**EXERCISE DIRECTIONS**
Where a line in the listing contains the string "soft", copy that line out.

· · · · · · ·

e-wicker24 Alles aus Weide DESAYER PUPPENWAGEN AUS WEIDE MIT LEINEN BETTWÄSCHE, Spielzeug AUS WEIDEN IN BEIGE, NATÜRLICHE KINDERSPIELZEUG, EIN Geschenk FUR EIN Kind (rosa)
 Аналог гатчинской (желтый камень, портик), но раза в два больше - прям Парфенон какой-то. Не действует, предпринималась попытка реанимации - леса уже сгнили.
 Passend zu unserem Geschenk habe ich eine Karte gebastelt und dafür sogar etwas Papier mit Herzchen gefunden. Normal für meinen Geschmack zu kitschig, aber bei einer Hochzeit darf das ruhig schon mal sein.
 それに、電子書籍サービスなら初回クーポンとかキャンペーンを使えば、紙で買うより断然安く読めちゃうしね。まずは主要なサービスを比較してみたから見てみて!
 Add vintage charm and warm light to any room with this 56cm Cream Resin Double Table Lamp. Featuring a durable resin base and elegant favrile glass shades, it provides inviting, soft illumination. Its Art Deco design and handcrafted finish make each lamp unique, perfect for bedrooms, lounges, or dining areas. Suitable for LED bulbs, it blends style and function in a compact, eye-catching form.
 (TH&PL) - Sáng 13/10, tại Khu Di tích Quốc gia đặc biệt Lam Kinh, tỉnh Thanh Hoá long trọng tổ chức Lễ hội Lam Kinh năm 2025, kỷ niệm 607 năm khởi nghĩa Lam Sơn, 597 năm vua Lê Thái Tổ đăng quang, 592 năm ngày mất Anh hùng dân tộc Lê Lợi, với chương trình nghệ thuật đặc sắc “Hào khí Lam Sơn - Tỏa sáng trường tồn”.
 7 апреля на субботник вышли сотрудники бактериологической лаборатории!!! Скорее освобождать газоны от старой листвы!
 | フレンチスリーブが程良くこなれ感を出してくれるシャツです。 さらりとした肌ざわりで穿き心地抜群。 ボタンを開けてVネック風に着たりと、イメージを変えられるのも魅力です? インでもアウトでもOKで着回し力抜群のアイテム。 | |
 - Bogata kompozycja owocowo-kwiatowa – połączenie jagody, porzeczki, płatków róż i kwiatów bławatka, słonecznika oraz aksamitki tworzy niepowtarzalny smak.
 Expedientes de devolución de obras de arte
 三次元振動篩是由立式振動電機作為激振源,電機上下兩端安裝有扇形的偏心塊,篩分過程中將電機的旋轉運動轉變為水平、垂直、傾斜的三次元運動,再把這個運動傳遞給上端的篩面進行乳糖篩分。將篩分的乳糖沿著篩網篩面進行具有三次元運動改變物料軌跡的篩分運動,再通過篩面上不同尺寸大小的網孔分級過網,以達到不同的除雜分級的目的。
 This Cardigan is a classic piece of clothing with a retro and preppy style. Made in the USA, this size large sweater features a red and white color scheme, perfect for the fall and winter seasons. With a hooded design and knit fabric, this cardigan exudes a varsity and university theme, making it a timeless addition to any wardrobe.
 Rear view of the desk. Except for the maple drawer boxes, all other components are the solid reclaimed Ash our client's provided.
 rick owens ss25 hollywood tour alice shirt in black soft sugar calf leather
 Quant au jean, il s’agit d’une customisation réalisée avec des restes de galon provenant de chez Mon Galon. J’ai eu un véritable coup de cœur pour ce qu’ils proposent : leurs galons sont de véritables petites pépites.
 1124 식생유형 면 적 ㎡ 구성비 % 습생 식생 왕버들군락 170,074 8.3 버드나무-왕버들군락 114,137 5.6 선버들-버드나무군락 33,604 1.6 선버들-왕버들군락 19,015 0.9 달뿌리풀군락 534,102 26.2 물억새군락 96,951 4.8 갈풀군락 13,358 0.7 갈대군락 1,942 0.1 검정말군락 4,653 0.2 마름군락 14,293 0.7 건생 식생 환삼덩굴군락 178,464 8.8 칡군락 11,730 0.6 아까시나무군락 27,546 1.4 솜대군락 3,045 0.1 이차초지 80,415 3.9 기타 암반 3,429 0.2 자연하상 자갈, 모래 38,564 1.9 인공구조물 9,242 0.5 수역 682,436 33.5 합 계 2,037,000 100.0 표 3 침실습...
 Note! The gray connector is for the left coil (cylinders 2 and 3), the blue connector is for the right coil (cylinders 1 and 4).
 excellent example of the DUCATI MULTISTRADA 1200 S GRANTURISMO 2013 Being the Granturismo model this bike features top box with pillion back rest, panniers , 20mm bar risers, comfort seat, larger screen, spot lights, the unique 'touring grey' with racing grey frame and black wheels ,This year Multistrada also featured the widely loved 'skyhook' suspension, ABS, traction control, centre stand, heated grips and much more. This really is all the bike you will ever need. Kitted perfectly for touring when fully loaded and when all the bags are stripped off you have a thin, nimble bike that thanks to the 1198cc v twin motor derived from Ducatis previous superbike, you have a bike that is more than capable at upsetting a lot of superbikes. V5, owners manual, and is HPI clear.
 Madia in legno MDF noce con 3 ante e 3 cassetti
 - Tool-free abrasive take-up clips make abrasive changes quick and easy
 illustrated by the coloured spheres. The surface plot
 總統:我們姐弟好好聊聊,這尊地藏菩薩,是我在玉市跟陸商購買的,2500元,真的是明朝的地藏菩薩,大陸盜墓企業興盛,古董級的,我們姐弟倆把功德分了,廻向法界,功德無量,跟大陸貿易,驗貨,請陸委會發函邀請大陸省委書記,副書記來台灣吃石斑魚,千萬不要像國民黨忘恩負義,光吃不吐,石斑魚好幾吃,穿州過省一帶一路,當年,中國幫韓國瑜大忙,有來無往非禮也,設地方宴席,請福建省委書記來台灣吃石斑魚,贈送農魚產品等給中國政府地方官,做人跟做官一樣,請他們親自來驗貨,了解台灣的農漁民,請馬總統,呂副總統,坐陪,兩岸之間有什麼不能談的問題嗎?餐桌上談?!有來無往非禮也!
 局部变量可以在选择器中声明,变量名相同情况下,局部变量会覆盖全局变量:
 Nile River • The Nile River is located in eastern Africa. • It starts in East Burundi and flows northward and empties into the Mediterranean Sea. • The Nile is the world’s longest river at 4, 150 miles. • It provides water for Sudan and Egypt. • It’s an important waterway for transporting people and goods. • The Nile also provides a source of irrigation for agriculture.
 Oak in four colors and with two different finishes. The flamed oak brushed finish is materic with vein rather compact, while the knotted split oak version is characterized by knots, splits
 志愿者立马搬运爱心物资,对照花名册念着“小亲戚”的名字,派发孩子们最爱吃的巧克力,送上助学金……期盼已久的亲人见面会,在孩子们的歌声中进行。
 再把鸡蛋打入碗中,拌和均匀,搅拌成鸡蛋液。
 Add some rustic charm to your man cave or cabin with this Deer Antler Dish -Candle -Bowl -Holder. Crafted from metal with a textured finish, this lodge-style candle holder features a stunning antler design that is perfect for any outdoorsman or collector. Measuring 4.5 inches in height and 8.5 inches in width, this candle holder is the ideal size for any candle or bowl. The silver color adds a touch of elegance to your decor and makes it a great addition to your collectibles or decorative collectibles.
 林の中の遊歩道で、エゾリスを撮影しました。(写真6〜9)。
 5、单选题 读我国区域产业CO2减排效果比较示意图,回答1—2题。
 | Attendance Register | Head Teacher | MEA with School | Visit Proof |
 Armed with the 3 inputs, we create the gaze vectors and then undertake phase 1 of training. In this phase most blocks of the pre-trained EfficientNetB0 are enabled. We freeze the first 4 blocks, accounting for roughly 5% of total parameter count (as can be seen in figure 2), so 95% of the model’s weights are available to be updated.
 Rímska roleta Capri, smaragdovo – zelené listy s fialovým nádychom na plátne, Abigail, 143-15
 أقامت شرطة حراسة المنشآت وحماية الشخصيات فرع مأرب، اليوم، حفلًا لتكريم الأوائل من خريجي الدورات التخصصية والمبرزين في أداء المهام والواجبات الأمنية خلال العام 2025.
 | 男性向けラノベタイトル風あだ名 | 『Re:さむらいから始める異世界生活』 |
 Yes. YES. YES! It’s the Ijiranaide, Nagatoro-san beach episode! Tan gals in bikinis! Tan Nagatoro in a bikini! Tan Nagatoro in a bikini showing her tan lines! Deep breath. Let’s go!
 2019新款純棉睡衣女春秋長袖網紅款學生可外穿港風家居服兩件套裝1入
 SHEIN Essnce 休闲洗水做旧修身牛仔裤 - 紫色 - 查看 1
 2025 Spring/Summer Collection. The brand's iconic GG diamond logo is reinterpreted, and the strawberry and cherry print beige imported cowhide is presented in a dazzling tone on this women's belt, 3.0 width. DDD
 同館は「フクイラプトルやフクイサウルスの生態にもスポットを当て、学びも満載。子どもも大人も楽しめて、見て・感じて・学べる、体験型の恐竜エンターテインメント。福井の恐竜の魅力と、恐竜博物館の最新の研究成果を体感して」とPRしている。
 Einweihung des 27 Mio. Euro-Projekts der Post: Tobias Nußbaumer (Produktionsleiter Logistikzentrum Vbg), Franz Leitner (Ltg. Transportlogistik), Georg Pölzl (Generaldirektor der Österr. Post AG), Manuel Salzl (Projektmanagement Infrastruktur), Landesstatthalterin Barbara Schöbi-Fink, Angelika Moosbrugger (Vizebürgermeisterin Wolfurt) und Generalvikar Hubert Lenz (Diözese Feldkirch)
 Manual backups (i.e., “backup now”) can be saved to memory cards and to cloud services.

· · · · · · ·

**THE ANSWER**
 Add vintage charm and warm light to any room with this 56cm Cream Resin Double Table Lamp. Featuring a durable resin base and elegant favrile glass shades, it provides inviting, soft illumination. Its Art Deco design and handcrafted finish make each lamp unique, perfect for bedrooms, lounges, or dining areas. Suitable for LED bulbs, it blends style and function in a compact, eye-catching form.
 rick owens ss25 hollywood tour alice shirt in black soft sugar calf leather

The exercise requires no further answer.